Dwie osoby przede mną już zdążyły zakończyć zakupy i na pytanie ekspedientki "dzień dobry, co podać?" już chcę odpowiadać, kiedy kobieta za mną szturchnęła mnie swoją torebką i wykrzykuje zamówienie.

- Przepraszam, stałem tutaj przed panią w kolejce - odezwałem się.
- Oj, nie bądź taki, pozwól pani Basi zrobić zakupy pierwszej - niespodziewanie odezwała się ekspedientka.

Spojrzałem na nią z szeroko otwartymi oczyma i wydukałem tylko:
- Gdyby pani Basia poprosiła, to bym ją wpuścił przed siebie, ale że wolała mnie bić, to ja nie pozwolę.

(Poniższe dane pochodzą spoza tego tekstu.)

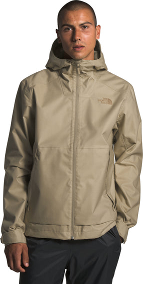 The Men’s MILLERTON Jacket by The North Face is made for hiking in the rain in warm weather. It’s seam-sealed, lined and keeps wind and water out. The hood has an adjustable shock cord. An inner draft flap under the front water-resistant zip keeps out drafts. Adjustable Velcro cuffs and a hem cinch cord keep elements on the outside.

W skrócie, podniósł się w sklepie mały raban o tym, że jestem chamem niewychowanym (zaskakująco, beż żadnych słów wymagających cenzury), wszystkim się spieszy, a ja utrudniam i w ten deseń podobnie.

Udało mi się jednak doprosić obsłużenia w normalnej kolejności (w mojej obronie stanął nieznany mi, młody chłopak), wziąłem chleb i wyszedłem, co zajęło mi mniej więcej trzydzieści sekund.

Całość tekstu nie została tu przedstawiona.